Mas por que essa emoção costuma ser constrangedora? Nossa cultura educacional familiar e religiosa estabelece como crença e valor que a Inveja é um sentimento a ser negado, pois é considerada uma anomalia social. Experimente em um bate-papo com alguns companheiros de trabalho dizer que sente Inveja de seu Diretor. Você estará correndo o risco de ser alvo de fofocas e receber do grupo uma atitude de isolamento por ser considerado um elemento perigoso à Organização.

 

Essa pressão psicológica contribui para um sentimento de culpa, quando nos flagramos invejando o poder do outro; como se isso representasse uma ameaça dolorosa à nossa auto-estima e às qualidades necessárias para a imagem de homens de bem.

 

É necessário livrar-se da culpa e humanizar a Inveja.

 

Nenhum sentimento por si só é bom ou ruim, tudo depende da forma de administrá-lo. É preciso, antes de mais nada, perceber a diferença entre a Inveja primitiva, que nos impele aos conflitos internos e corrosivos e onde a única preocupação é maldizer o sucesso alheio, da Inveja-admiração, aquela bem gerenciada, que pode nos tirar do comodismo e nos impulsionar a uma competição saudável para enfrentar desafios.

 


 

INVEJA DESTRUTIVA

- Consideramos que só o outro possui características positivas a serem admiradas;

- Sentimo-nos eternos espectadores passivos do sucesso alheio;

- Desperdiçamos tempo, deixando de viver plenamente quem somos, embutindo nossos talentos ocultos;

- Canalizamos nossa energia para destruir quem tem aquilo que ambicionamos;

- Temos os desejos e não fazemos nada para objetivá-los. Perdemos os sonhos porque não investimos neles.
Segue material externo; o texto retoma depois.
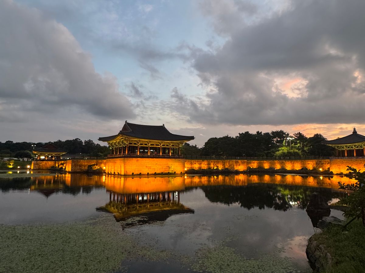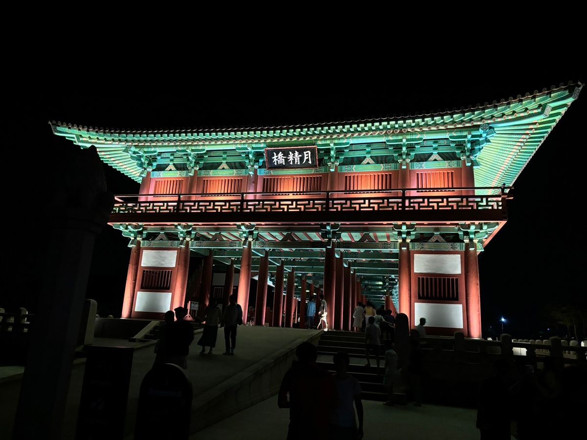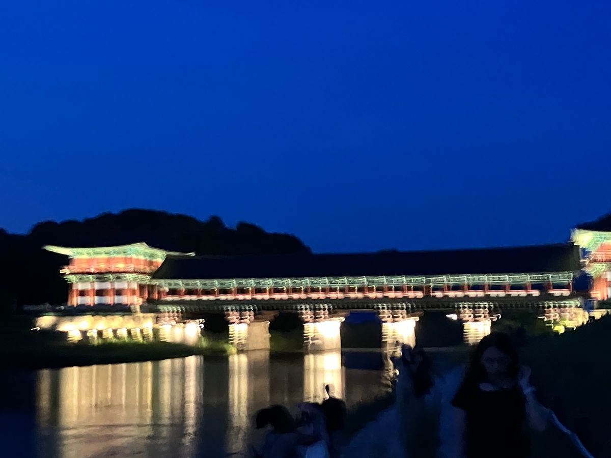 昼の観光で結構みんなぐったりしてしまい、夕方の月精橋と東宮は夏なので日暮が遅くライトアップの時間も遅かったため、もう写真のためだけに待つ、みたいな感じでした。
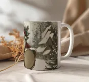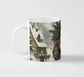 Un nostalgico motivo natalizio: Babbo Natale marcia allegramente in un villaggio innevato con un tamburo in mano e un abete sulla schiena. I colori caldi e festosi e l'idillio invernale rendono questo disegno perfetto per decorazioni, regali e accessori natalizi. Ideale per murales, tazze, cuscini o maglioni: un'immagine che porterà l'allegria del Natale e un'atmosfera festosa in ogni casa.
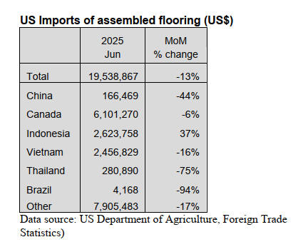 Imports of assembled flooring fell for the third
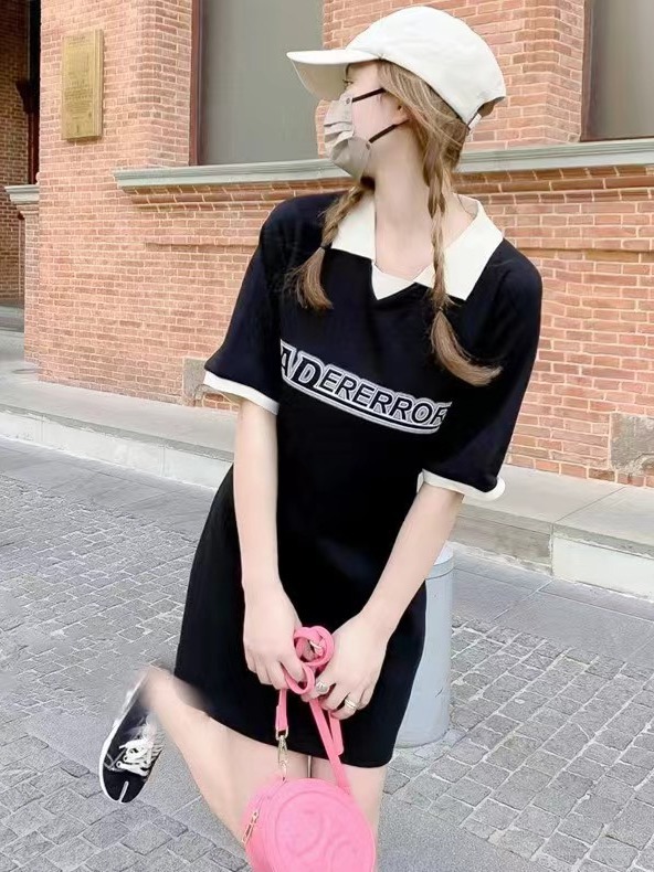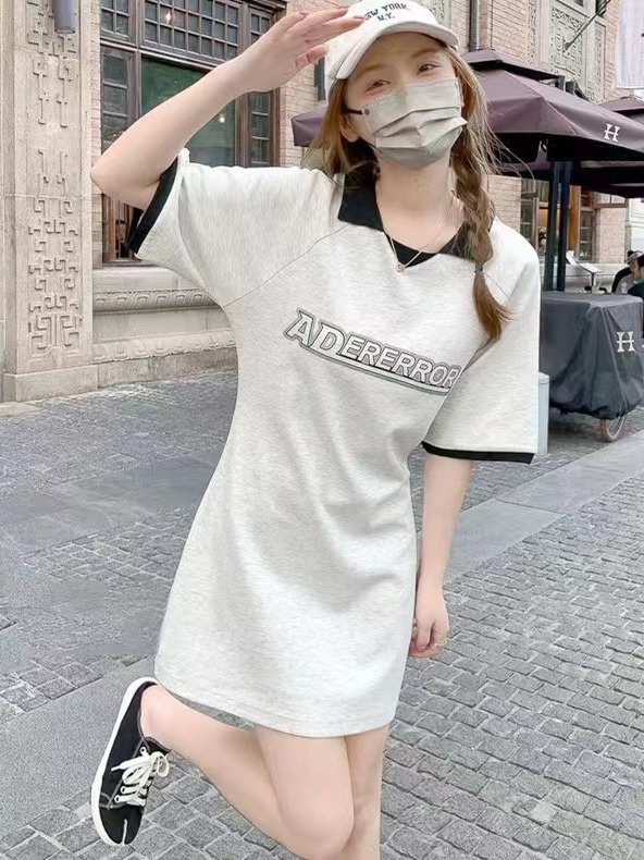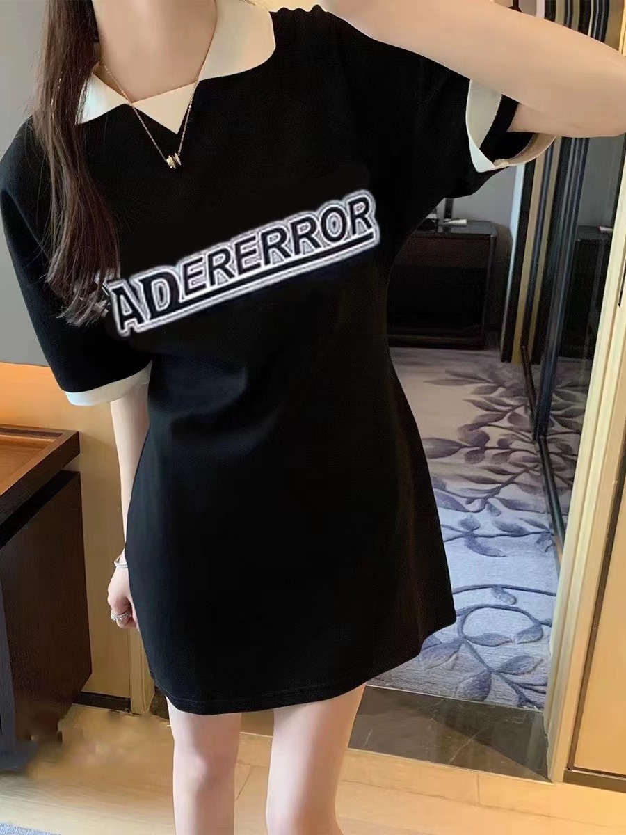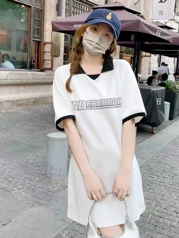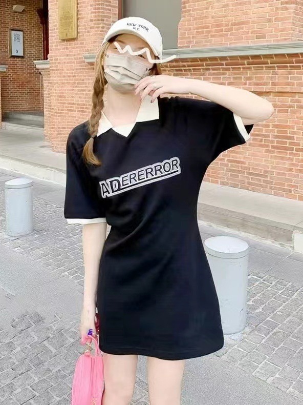 ader夏季女中长款POLO领连衣裙字母印花休闲上衣修身长T韩版潮牌

- Nessas circunstâncias, a Inveja é improdutiva e perniciosa, podendo gerar ressentimentos e um profundo pessimismo existencial, resultantes do complexo de inferioridade e da auto-imagem negativa.

    Não se torne refém de sua INVEJA.

 

INVEJA SAUDÁVEL

- Funciona como elemento propulsor para a mudança;

- Serve de espelho para a auto-análise;

- Estimula o crescimento pessoal;

- Aproxima-nos de quem admiramos;

- Incita-nos a lutar para conseguirmos aquilo que queremos.

 

SUGESTÕES

Como vemos, pode-se reescrever o roteiro final do filme imaginário “A Inveja e suas sombras” e conduzir esse sentimento para um final mais produtivo e enriquecedor.

 

Algumas sugestões para administrar a Inveja, tornando-a um fator positivo:

 

- Realize uma auto-análise, avaliando sem preconceitos, os próprios sentimentos;

- Reconheça que ela pode ser fator de crescimento quando transformada em admiração;

- Analise racionalmente a questão: o que invejo é possível de ser conquistado? Que conhecimentos preciso obter? Que habilidades precisam ser desenvolvidas? Que atitudes desejo assumir para viabilizar meus objetivos?

- Não use a Inveja como desculpa para a inércia;

- Não sofra pelo sucesso alheio. Trace metas para atingir seus objetivos;

- Não tenha vergonha de perguntar para as pessoas, que você considera ter qualidades invejáveis, o segredo do sucesso delas;

- Conscientize-se de suas habilidades a serem exploradas e valorizadas;

- Direcione seus talentos e habilidades em seu próprio benefício;

- Tenha coragem para admitir e corrigir suas falhas;

- Avalie constantemente os resultados alcançados.

 

Em nossa vida não precisamos ficar como eternos voyeurs rancorosos do sucesso alheio, nem nos colocarmos na posição de vítimas abandonadas pelo destino. É possível tornar a Inveja uma alavanca para o autoconhecimento, que pode nos conduzir a um maior comprometimento com a autodisciplina e com um jeito mais produtivo de viver.